Once you complete the chapter 6 then you can revise Ex. 6.3 by solving following questions

Q1. In figure, sides $\mathrm{QP}$ and $\mathrm{RQ}$ of $\Delta \mathrm{PQR}$ are produced to points $\mathrm{S}$ and $\mathrm{T}$ respectively.

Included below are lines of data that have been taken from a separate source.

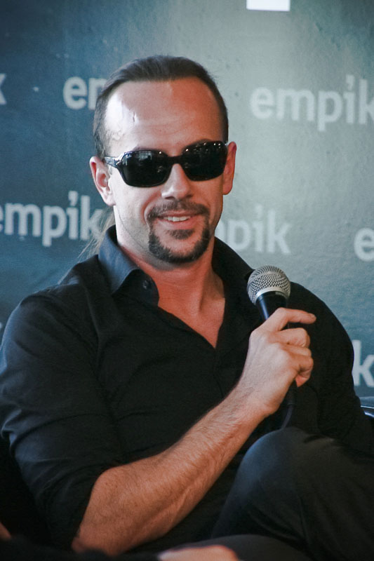 Adam Darski at Empik store, August 30, 2009
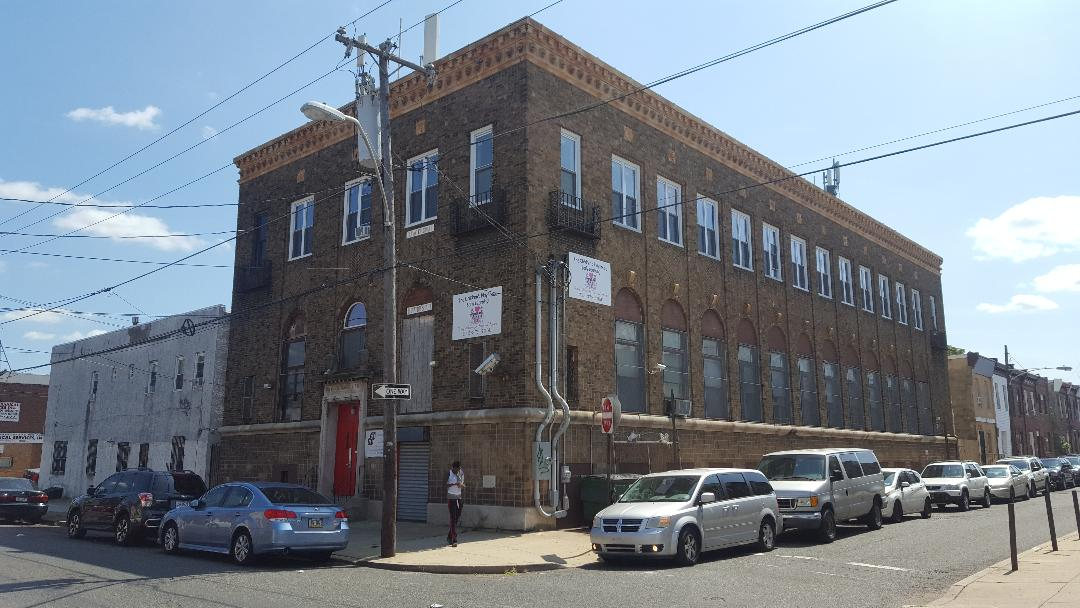 The former Jewish Educational Center + Stiffel Senior Center at 604 W Porter St, Philadelphia, Pennsylvania on September 1, 2019.
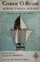 Cover of O'Brien's book about the voyages of the Saoirse Across Three Oceans'
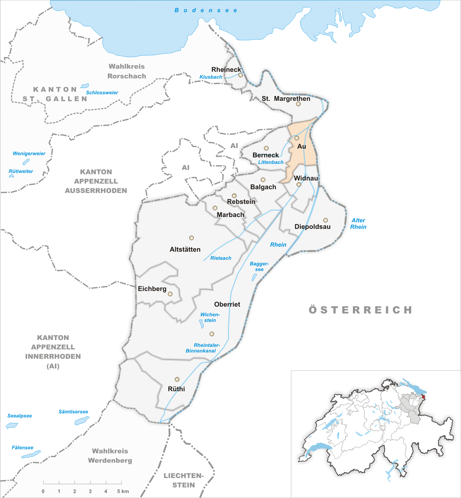 Municipality Au
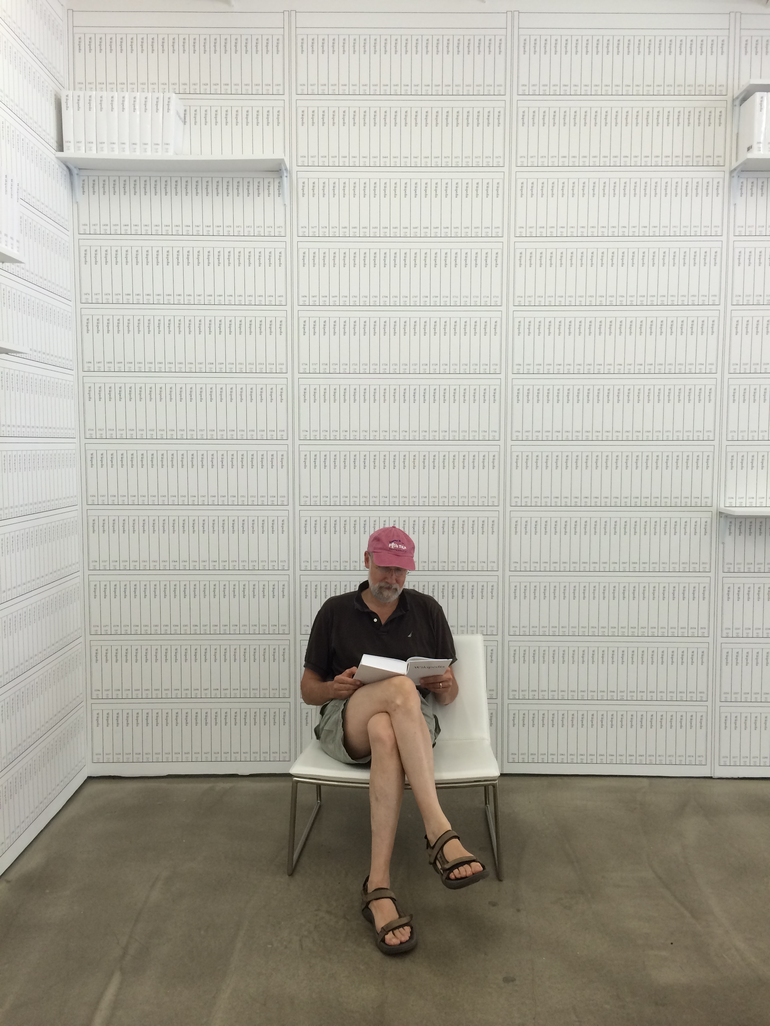 Reading Wikipedia
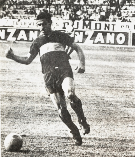 Carmelo Simeone during his time at Boca Juniors (1961-1967)
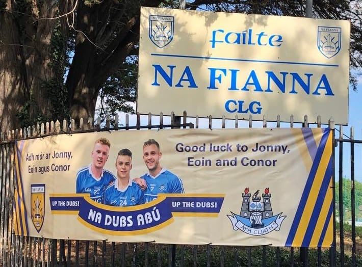 Sign outside main gate of Na Fianna and a banner supporting the Dublin football team in the 2019 All Ireland Final.
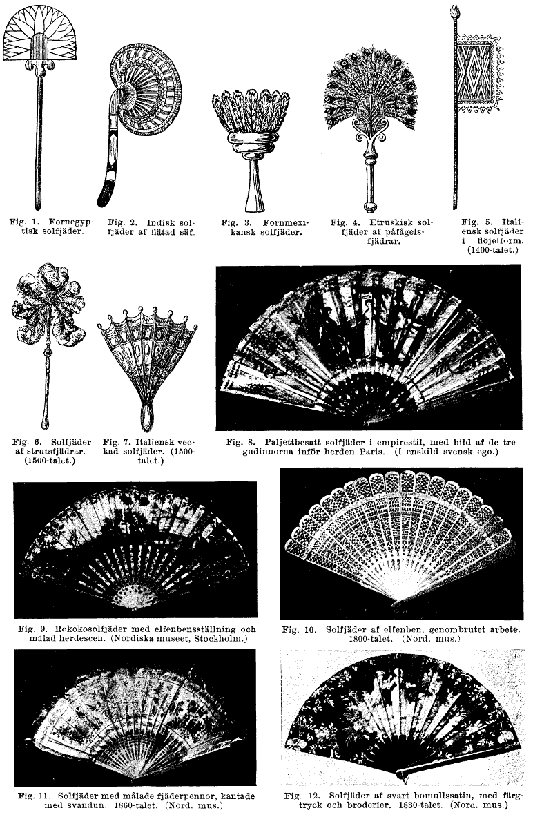 Paper fans
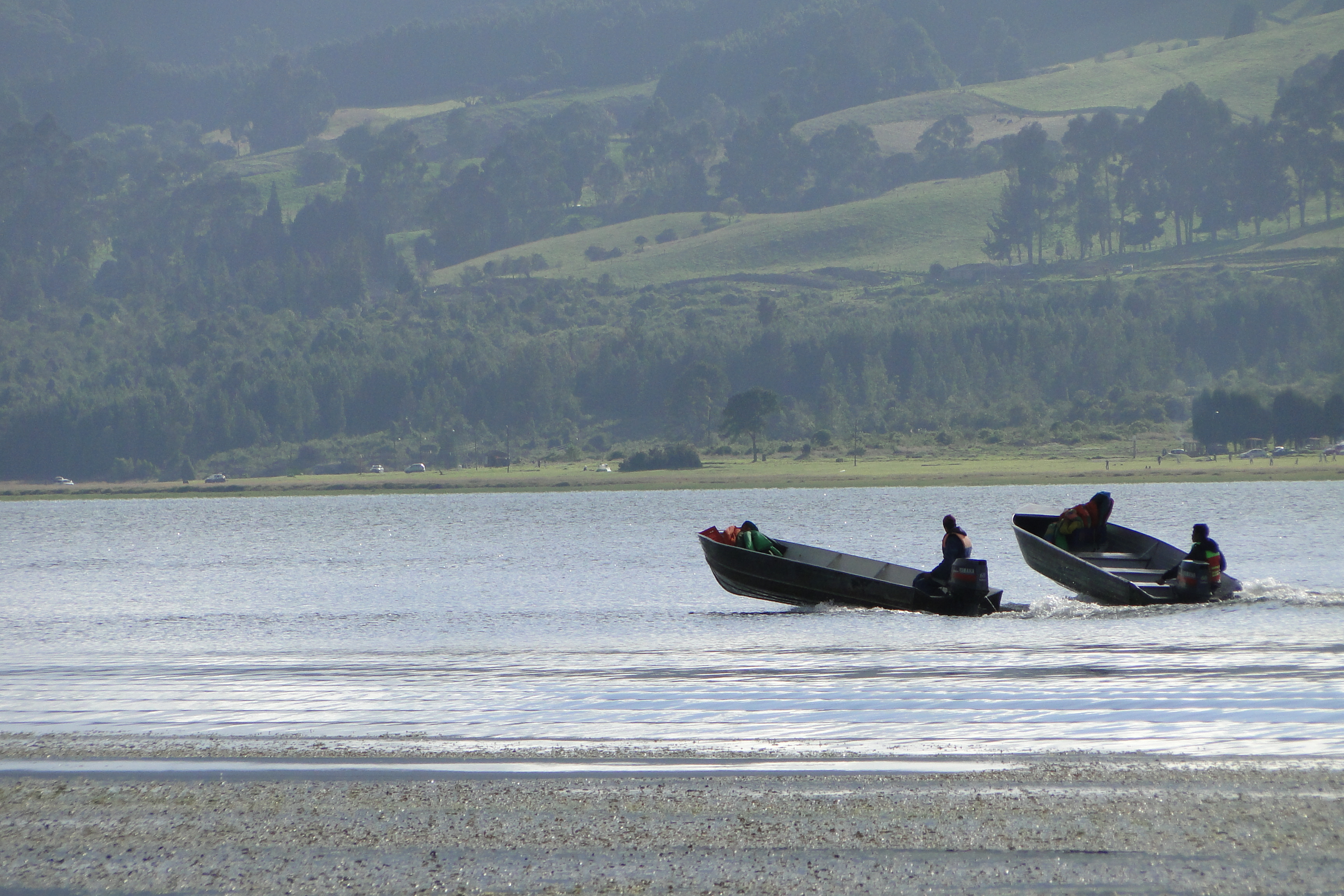 lanchas en el embalse del neusa
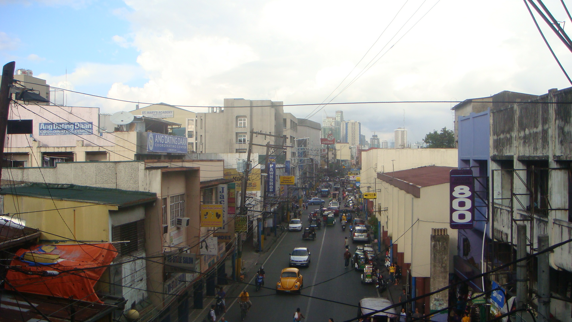 View of Pasay City from Libertad LRT station Arnaiz Avenue Libertad Road and Pasay Road (formerly called Libertad, Libertad Road and Pasay Road on the Pasay segment) aviation pioneer, Antonio Somoza Arnaiz along Legislative district of Pasay Pasay City List of barangays of Metro Manila Barangays 50, 59, Zone 7, 66, 67, Zone 8, 92, Zone 9, District I, 94, 95, 105, 106, 107, 108, Zone 11, 120, Zone 12, 128, Zone 13, Districts I and II, Pasay City Libertad LRT Station at Taft_Avenue.

If $\angle \mathrm{SPR}=135^{\circ}$ and $\angle \mathrm{PQT}=110^{\circ}$, find $\angle \mathrm{PRQ}$. Q2. In figure, $\angle \mathrm{X}=62^{\circ}, \angle \mathrm{XYZ}=54^{\circ}$. If $\mathrm{YO}$ and $\mathrm{ZO}$ are the bisectors of $\angle \mathrm{XYZ}$ and $\angle \mathrm{XZY}$ respectively of $\Delta \mathrm{XYZ}$, find $\angle \mathrm{OZY}$ and $\angle \mathrm{YOZ}$. Q3. In figure, if $\mathrm{AB} \| \mathrm{DE}, \angle \mathrm{BAC}=35^{\circ}$ and $\angle \mathrm{CDE}=53^{\circ}$, find $\angle \mathrm{DCE}$. Q4. In figure, if lines $\mathrm{PQ}$ and RS intersect at point $\mathrm{T}$, such that $\angle \mathrm{PRT}=40^{\circ}, \angle \mathrm{RPT}=95^{-}$ and $\angle \mathrm{TSQ}=75^{\circ}$, find $\angle \mathrm{SQT}$. Q5. In figure, if $\mathrm{PQ} \perp \mathrm{PS}, \mathrm{PQ} \| \mathrm{SR}, \angle \mathrm{SQR}=28^{\circ}$ and $\angle \mathrm{QRT}=65^{\circ}$, then find the value of $\mathrm{x}$ and $\mathrm{y}$. Q6. In figure, the side $\mathrm{QR}$ of $\Delta \mathrm{PQR}$ is produced to a point $\mathrm{S}$. If the bisectors of $\angle \mathrm{PQR}$ and $\angle \mathrm{PRS}$ meet at point $\mathrm{T}$, then prove that $\angle \mathrm{QTR}=\frac{1}{2} \angle \mathrm{QPR}$.